-- PROVIDED MATERIAL follows --

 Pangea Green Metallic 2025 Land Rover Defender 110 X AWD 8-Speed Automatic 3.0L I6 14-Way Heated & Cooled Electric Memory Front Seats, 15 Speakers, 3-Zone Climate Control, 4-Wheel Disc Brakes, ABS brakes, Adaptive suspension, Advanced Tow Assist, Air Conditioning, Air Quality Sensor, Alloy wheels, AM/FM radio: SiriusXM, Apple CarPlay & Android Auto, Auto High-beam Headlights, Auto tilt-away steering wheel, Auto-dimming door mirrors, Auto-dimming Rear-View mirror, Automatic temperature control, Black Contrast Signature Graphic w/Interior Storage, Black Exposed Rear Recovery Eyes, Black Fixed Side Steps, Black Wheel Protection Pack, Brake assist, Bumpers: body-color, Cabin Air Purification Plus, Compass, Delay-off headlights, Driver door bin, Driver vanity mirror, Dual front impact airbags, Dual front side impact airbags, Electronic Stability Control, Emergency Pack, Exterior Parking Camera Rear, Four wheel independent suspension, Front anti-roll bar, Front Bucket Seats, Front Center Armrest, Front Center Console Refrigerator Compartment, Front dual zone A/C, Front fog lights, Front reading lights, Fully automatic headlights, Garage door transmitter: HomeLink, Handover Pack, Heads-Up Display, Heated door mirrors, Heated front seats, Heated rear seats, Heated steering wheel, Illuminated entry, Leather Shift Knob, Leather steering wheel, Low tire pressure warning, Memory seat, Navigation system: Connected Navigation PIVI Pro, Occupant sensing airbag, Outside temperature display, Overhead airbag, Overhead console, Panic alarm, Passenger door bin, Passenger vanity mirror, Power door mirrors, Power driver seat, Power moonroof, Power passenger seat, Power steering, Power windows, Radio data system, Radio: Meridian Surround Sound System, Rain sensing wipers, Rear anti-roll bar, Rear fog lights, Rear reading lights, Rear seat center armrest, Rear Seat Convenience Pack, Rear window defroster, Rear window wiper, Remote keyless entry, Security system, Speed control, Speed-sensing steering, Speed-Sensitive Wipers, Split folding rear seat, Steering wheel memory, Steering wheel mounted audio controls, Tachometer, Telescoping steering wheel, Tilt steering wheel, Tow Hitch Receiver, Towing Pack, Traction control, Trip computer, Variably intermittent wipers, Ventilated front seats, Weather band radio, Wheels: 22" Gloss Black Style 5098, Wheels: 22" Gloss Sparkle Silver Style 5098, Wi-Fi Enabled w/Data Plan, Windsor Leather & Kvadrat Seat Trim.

-- PROVIDED MATERIAL concluded --
-- PROVIDED MATERIAL follows --

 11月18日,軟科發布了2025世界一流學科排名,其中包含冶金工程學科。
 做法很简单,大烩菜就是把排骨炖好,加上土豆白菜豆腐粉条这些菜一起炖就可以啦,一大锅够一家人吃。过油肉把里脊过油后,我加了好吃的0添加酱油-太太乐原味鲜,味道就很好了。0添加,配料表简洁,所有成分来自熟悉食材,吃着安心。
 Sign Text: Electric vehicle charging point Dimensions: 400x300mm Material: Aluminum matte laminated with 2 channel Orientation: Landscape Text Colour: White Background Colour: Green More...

-- PROVIDED MATERIAL concluded --
-- PROVIDED MATERIAL follows --

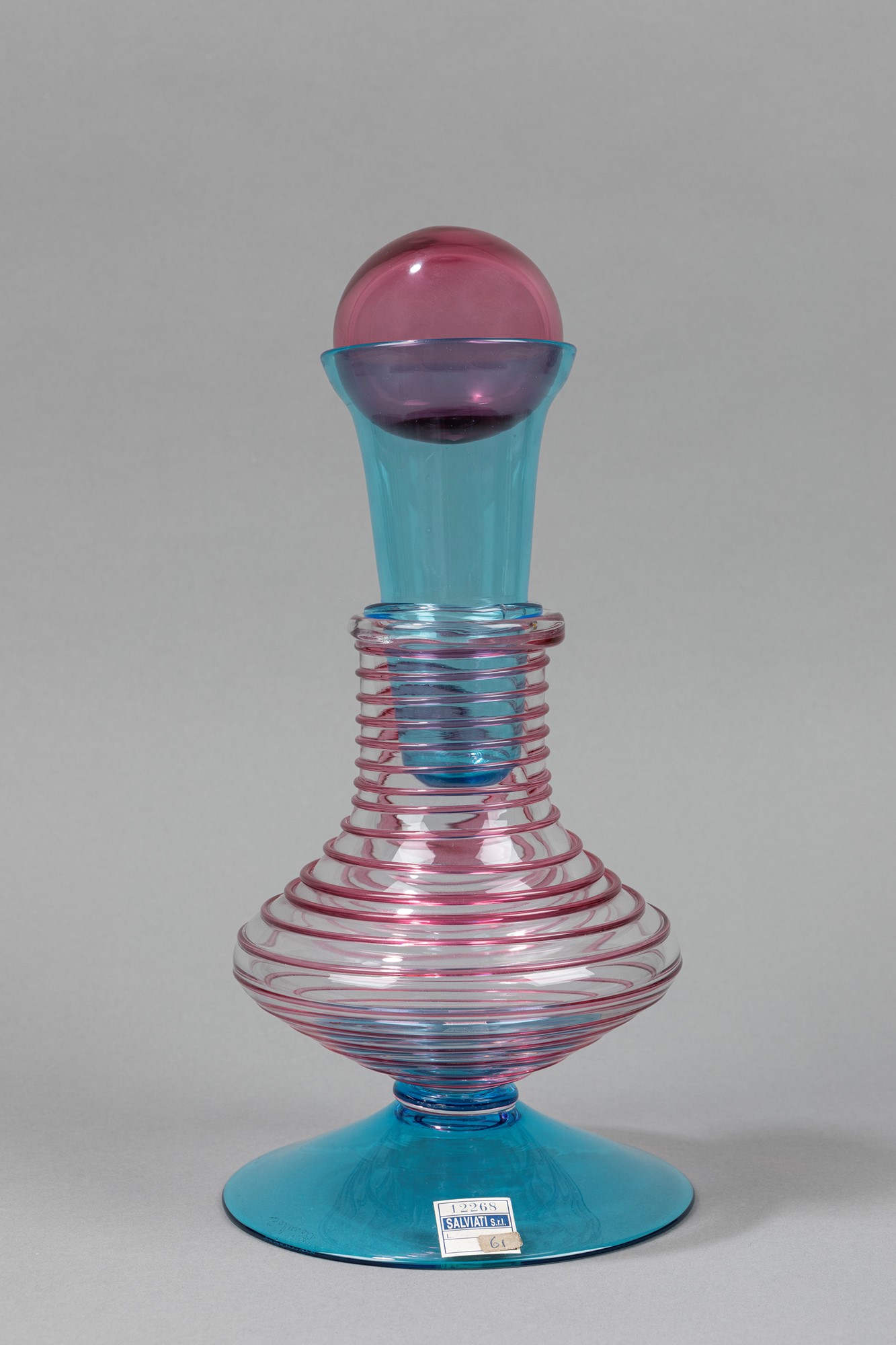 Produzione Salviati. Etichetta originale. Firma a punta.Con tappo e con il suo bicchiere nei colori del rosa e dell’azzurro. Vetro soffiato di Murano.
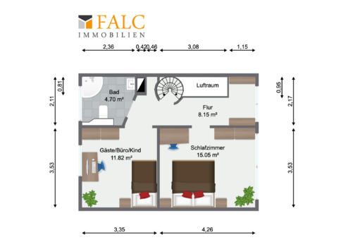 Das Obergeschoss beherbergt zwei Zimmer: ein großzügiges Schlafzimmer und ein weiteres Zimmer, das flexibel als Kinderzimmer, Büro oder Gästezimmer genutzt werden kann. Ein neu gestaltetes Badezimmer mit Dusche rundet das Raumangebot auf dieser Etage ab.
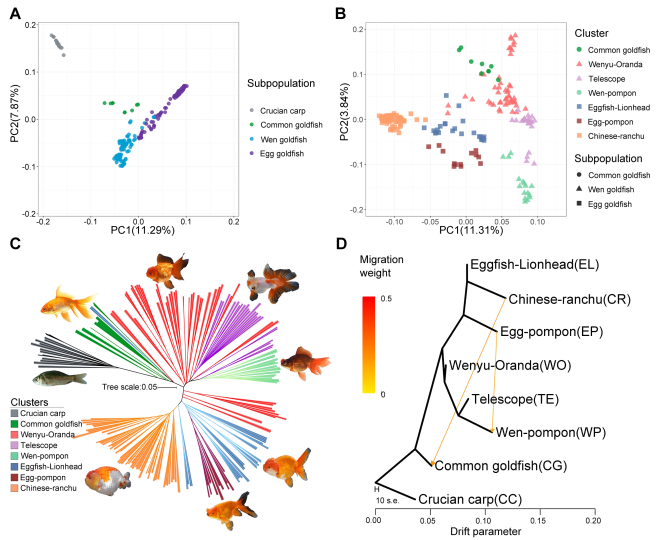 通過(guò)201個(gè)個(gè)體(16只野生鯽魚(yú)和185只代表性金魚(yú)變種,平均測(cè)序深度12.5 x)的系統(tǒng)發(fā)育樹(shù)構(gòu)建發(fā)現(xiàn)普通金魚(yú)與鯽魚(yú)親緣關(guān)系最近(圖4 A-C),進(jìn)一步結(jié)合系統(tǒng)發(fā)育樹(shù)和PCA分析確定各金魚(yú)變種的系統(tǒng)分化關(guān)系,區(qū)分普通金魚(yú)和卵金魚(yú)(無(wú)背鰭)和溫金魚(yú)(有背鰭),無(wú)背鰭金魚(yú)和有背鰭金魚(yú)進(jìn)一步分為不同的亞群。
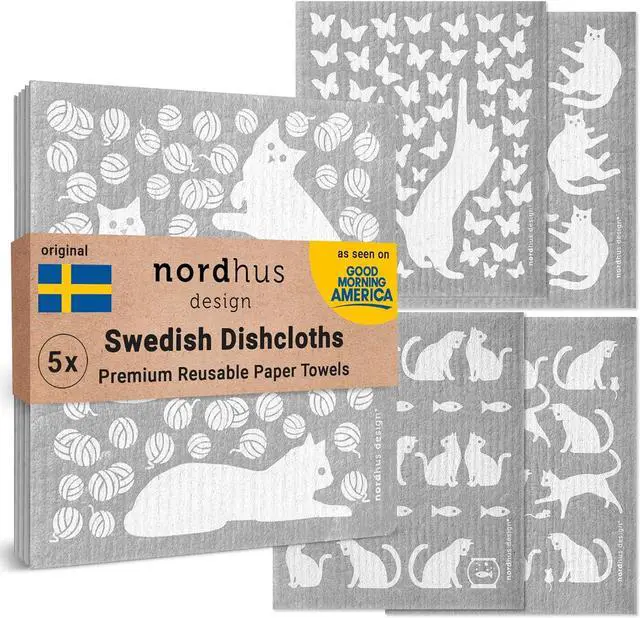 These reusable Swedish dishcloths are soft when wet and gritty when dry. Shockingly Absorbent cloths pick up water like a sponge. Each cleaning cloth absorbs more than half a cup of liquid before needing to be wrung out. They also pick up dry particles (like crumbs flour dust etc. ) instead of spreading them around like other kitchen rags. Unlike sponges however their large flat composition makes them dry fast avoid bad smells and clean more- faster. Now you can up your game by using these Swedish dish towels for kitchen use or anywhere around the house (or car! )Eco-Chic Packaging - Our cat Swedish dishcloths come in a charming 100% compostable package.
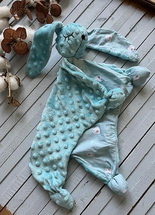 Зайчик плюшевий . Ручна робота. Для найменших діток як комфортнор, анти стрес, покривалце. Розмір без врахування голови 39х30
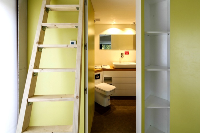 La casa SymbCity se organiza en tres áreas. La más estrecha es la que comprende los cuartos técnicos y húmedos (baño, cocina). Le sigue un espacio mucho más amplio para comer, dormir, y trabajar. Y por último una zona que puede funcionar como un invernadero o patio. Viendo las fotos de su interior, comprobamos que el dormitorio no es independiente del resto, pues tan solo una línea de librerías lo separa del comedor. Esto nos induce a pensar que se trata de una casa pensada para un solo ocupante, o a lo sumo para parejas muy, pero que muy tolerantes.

-- PROVIDED MATERIAL concluded --

## TASK DIRECTIONS
Print, without alteration, only the lines above between the one holding "11月18日,軟科發布了2025世界一流學科排名,其中包含冶金工程學科。" and the one holding "Sign Text: Electric", inclusive.

## EXPECTED ANSWER
 11月18日,軟科發布了2025世界一流學科排名,其中包含冶金工程學科。
 做法很简单,大烩菜就是把排骨炖好,加上土豆白菜豆腐粉条这些菜一起炖就可以啦,一大锅够一家人吃。过油肉把里脊过油后,我加了好吃的0添加酱油-太太乐原味鲜,味道就很好了。0添加,配料表简洁,所有成分来自熟悉食材,吃着安心。
 Sign Text: Electric vehicle charging point Dimensions: 400x300mm Material: Aluminum matte laminated with 2 channel Orientation: Landscape Text Colour: White Background Colour: Green More...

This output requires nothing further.